** Input data follows **
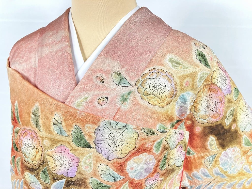 繊細な手仕事による「天目染め」独特の濃淡ある模様に、明るく優しいピンクや黄色のやわらかな「ぼかし染め」を施し、立体感や奥行きが生まれ、深い赤の「染め分け」でメリハリがつき、多彩な「友禅」「ぼかし染め」「墨絵書き」「絞り染め」を駆使し、鮮やかなピンク・紫・水色・黄色・黄緑などに彩られた幻想的な[辻ヶ花]が咲き乱れ、「手絞り」をふんだんに施した華麗な絵羽柄の、手間隙かけて制作されたうっとりするほど美しい大変豪華な作品です。
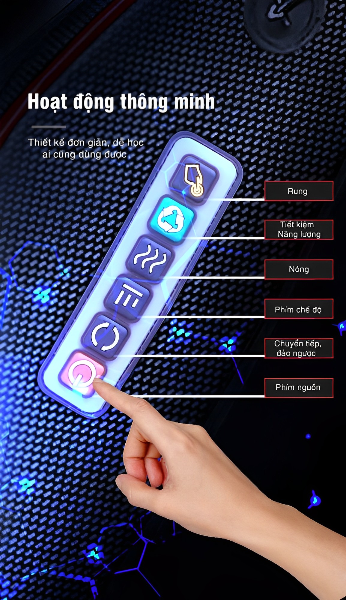 ✓ Bảng điều khiển dễ sử dụng: Bảng điều khiển bên hông máy gồm 6 nút bấm: Rung mát xa, xoay đảo chiều, cường độ Massage, chế độ nhiệt, tiết kiệm năng lượng rất dễ sử dụng, phù hợp cho người già.
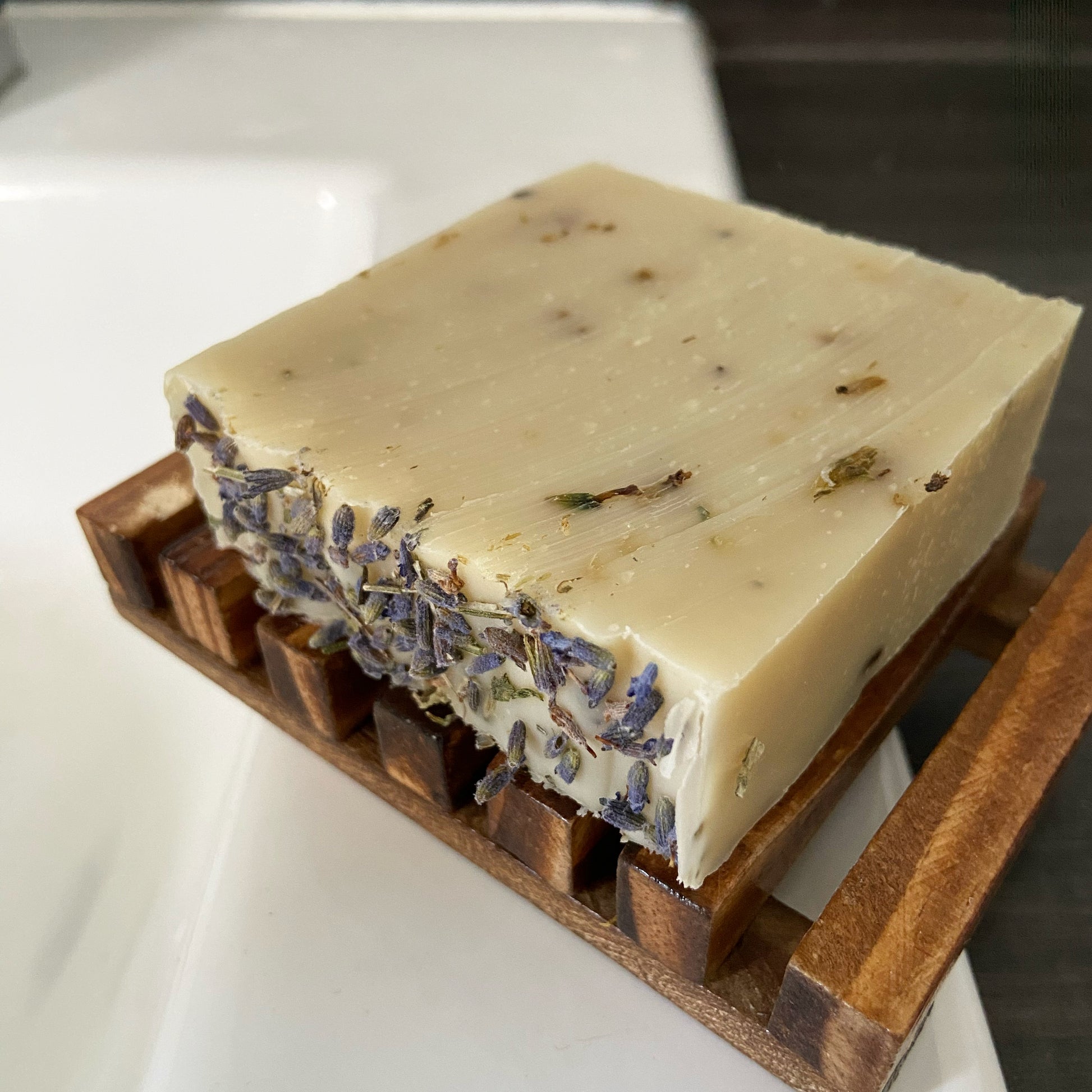 The therapeutic lavender scent with organic shea butter leaves your skin feeling soft and nourished. Chopped lavender buds incorporated throughout the soap provide gentle exfoliation and magnify the relaxing aroma. The creamy and bubbly lather rinses away clean leaving your skin feeling refreshed and smelling great.
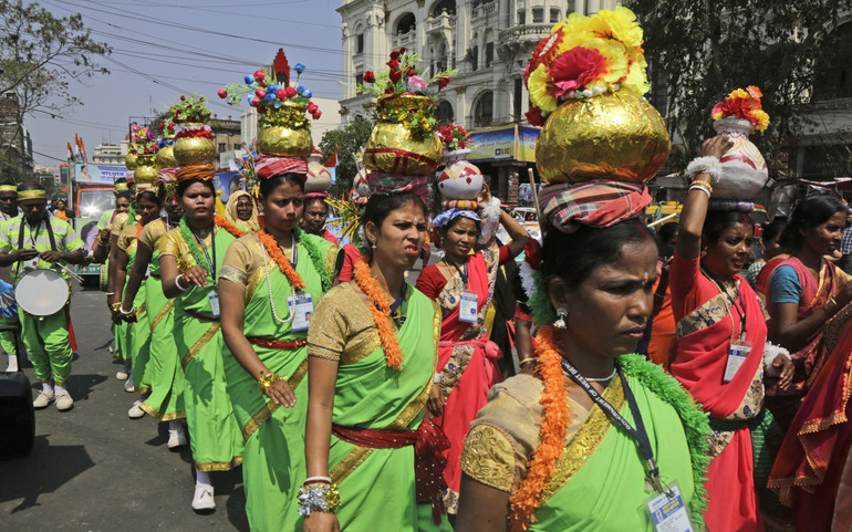 Phụ nữ trong trang phục truyền thống tham dự buổi tuần hành kêu gọi nữ quyền nhân Ngày Quốc tế Phụ nữ tại bang Kolkata, Ấn Độ (Ảnh: AP)
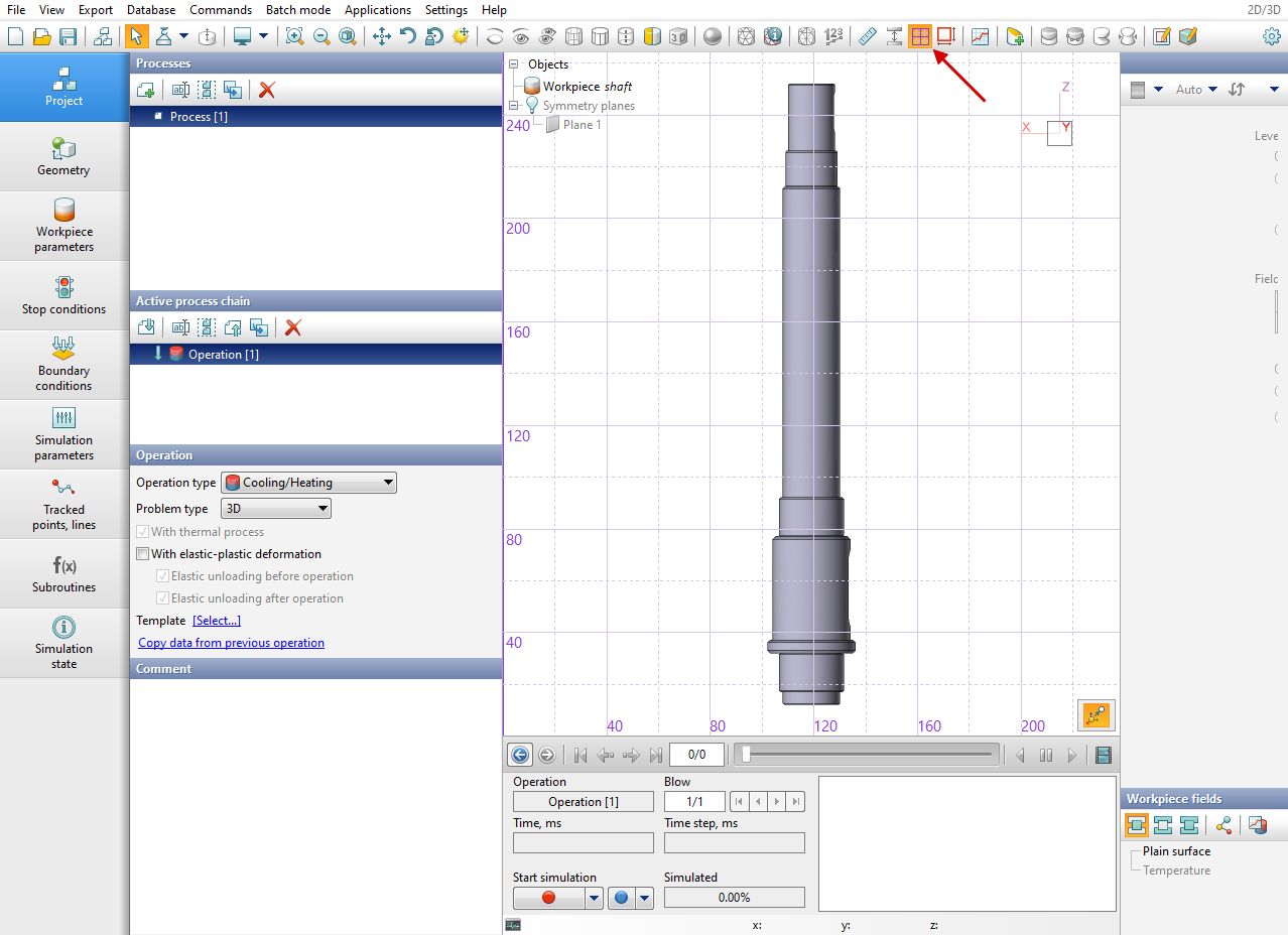 After activating this tool, a window Measurements appears, which has two tabs for 2D simulation: On the surface and In plane. An additional tab In crosscut plane will be added for 3D simulation. By default the On the surface tab is active, which prompts the user to assign two points on one or two different objects, between which the distance will be measured. Each point is assigned by double-clicking on the surface or cross cut plane of the object:
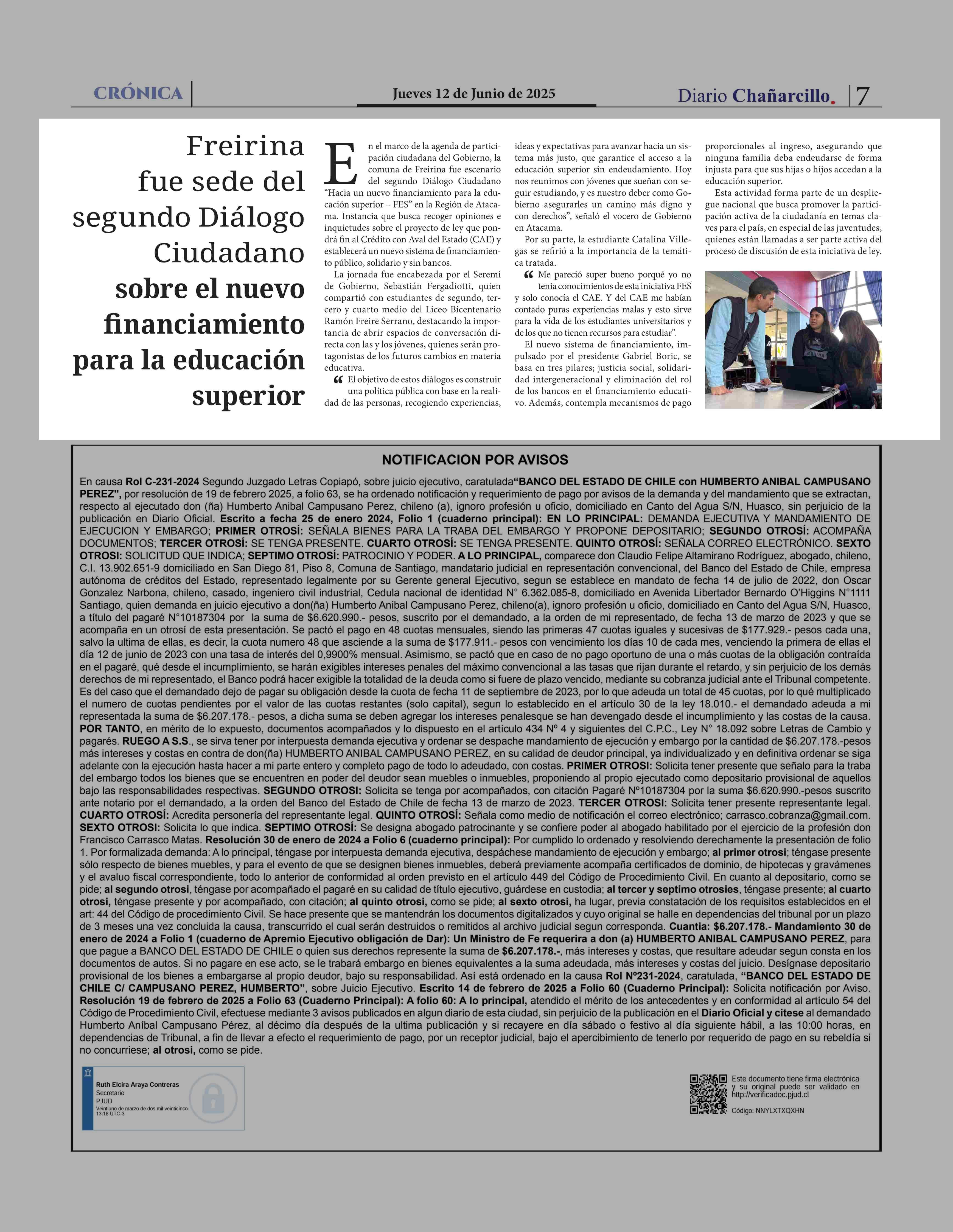 Freirina fue sede del segundo Diálogo Ciudadano sobre el nuevo financiamiento para la educación superior 12-06-2025 Diario Chañarcillo |
** End of Input data **
Work required
A faithful, word-for-word version of the records above is needed, with no images in it.

The completed task
 繊細な手仕事による「天目染め」独特の濃淡ある模様に、明るく優しいピンクや黄色のやわらかな「ぼかし染め」を施し、立体感や奥行きが生まれ、深い赤の「染め分け」でメリハリがつき、多彩な「友禅」「ぼかし染め」「墨絵書き」「絞り染め」を駆使し、鮮やかなピンク・紫・水色・黄色・黄緑などに彩られた幻想的な[辻ヶ花]が咲き乱れ、「手絞り」をふんだんに施した華麗な絵羽柄の、手間隙かけて制作されたうっとりするほど美しい大変豪華な作品です。
 ✓ Bảng điều khiển dễ sử dụng: Bảng điều khiển bên hông máy gồm 6 nút bấm: Rung mát xa, xoay đảo chiều, cường độ Massage, chế độ nhiệt, tiết kiệm năng lượng rất dễ sử dụng, phù hợp cho người già.
 The therapeutic lavender scent with organic shea butter leaves your skin feeling soft and nourished. Chopped lavender buds incorporated throughout the soap provide gentle exfoliation and magnify the relaxing aroma. The creamy and bubbly lather rinses away clean leaving your skin feeling refreshed and smelling great.
 Phụ nữ trong trang phục truyền thống tham dự buổi tuần hành kêu gọi nữ quyền nhân Ngày Quốc tế Phụ nữ tại bang Kolkata, Ấn Độ (Ảnh: AP)
 After activating this tool, a window Measurements appears, which has two tabs for 2D simulation: On the surface and In plane. An additional tab In crosscut plane will be added for 3D simulation. By default the On the surface tab is active, which prompts the user to assign two points on one or two different objects, between which the distance will be measured. Each point is assigned by double-clicking on the surface or cross cut plane of the object:
 Freirina fue sede del segundo Diálogo Ciudadano sobre el nuevo financiamiento para la educación superior 12-06-2025 Diario Chañarcillo |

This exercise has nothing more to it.